Direktur Eksekutif Belantara Foundation, Dr. Dolly Priatna, mengatakan, acara Muda Mudi Konservasi ini merupakan gerakan yang bertujuan untuk meningkatkan kesadaran dan pemahaman publik khususnya generasi muda akan pentingnya pelestarian keanekaragaman hayati dan satwa liar beserta habitatnya di Indonesia.
Menurut Dokumen Rencana Aksi dan Strategi Biodiversitas Indonesia (IBSAP) 2015—2020, Indonesia sebagai rumah bagi 10 persen tumbuhan berbunga, 15 persen serangga, 25 persenikan, 16 persen amfibia, 17 persen burung, dan 12 persen mamalia dari seluruh yang ada di dunia.
Indonesia memiliki sekitar 28.000 spesies tumbuhan berbunga (urutan ke-7 dunia), 122 spesies kupu-kupu sayap burung (urutan ke-1 dunia yang mana 44 persennya merupakan spesies endemik), 409 spesies amfibi (urutan ke-5 dunia), 755 spesies reptilia (urutan ke-3 dunia), 1.818 spesies burung (28 persen di antaranya endemik) dan 776 spesies mamalia (36 persen di antaranya endemik).

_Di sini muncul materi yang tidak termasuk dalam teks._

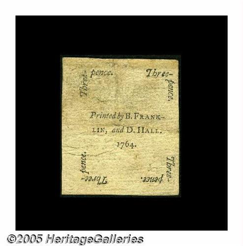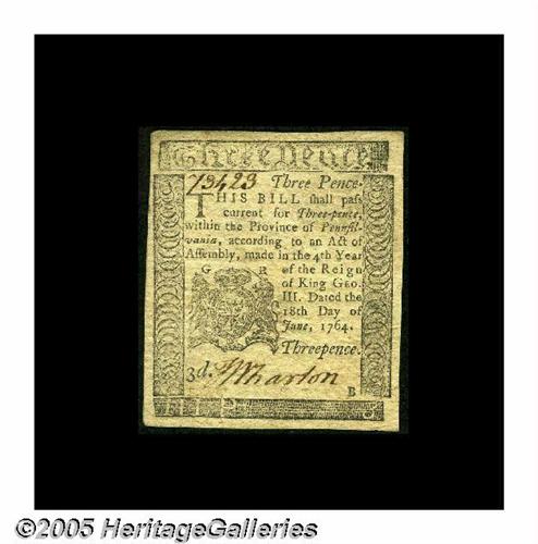 <B>Pennsylvania June 18, 1764 3d Extremely Fine.</B></I> This is a note generally seen either in Gem condition or wretchedly worn. This one has circulated lightly and is problem-free. A great example of a note printed by Benjamin Franklin with his imprint bold and clear.

Dolly menjelaskan keanekaragaman hayati dan satwa liar di Indonesia tengah menghadapi berbagai ancaman, salah satunya akibat maraknya perburuan dan perdagangan satwa liar oleh masyarakat, lalu dijadikan sebagai hewan peliharaan. Tak jarang, pemelihara satwa liar berasal dari kalangan tokoh publik (public figure).
“Situasi ini diperparah dengan banyaknya kasus satwa liar peliharaan yang dijadikan sebagai konten media sosial. Secara tidak langsung, hal ini dapat menginspirasi masyarakat, khususnya generasi muda, yang beranggapan bahwa satwa liar boleh dijadikan hewan peliharaan,” kata pengajar di Sekolah Pascasarjana Universitas Pakuan, itu.
Padahal, kata Dolly, mencintai satwa liar tidak harus memiliki. Ancaman lain yaitu degradasi habitat, hama dan penyakit, pencemaran, perubahan iklim, serta kerusakan lingkungan lainnya.
Sementara itu, Kepala Divisi Profesi Asosiasi Dokter Hewan Satwa Liar, Akuatik, dan Hewan Eksotik Indonesia (ASLIQEWAN), drh. Nur Purba Priambada, menyebut, memelihara satwa liar bertentangan dengan kesejahteraan satwa, yang mana berpotensi membuat satwa stres, sakit, dan mudah tertular penyakit. Terutama penyakit zoonosis (penyakit yang dapat menular dari hewan ke manusia dan sebaliknya).
Perlu diingat dalam sejarah umat manusia bahwa mayoritas wabah penyakit mematikan yang terjadi adalah penyakit zoonosis seperti rabies, pes, flu burung, ebola, anthrax, SARS, hingga COVID-19.
“Sudah saatnya masyarakat stop menormalisasi aktivitas pemeliharaan satwa liar demi menjaga keseimbangan ekosistem serta keberlanjutan dan kelestarian alam, untuk kehidupan manusia yang lebih baik”, ujar drh. Purbo, panggilan akrabnya.
Pelibatan masyarakat khususnya generasi muda merupakan kunci bagi keberhasilan pelestarian satwa liar beserta habitatnya. Generasi muda memainkan peran penting sebagai tombak perubahan.
Salah satu kekuatan generasi muda yaitu aktif di media sosial. Banyak cara untuk terlibat dalam pelestarian satwa liar beserta habitatnya, aksi paling sederhana yaitu melakukan penyadartahuan (awareness), edukasi dan kampanye tentang satwa liar bukan hewan peliharaan di media sosial.
Tidak hanya itu, aksi tak kalah penting yang perlu dilakukan adalah tidak menjadikan satwa liar sebagai hewan peliharaan. Gerakan ini dapat memberikan motivasi dan inspirasi kepada masyarakat khususnya generasi muda agar terlibat lebih aktif dalam pelestarian satwa liar dan habitatnya di sekitar mereka.
Sebagai informasi, kegiatan ini terselenggara atas kolaborasi dengan Forum Harimau Kita (FHK), Forum Konservasi Gajah Indonesia (FKGI), Forum Konservasi Orangutan Indonesia (FORINA), Eat & Run, Biologeek, dan organisasi penggiat konservasi satwa liar lainnya serta didukung oleh APP Sinar Mas, PT Sharp Electronics Indonesia dan Pristine.
Turut mendukung juga sebagai media partner yaitu Majalah Trubus, Tempo.co, Forest Insights, Klik Hijau dan Sorot Jakarta.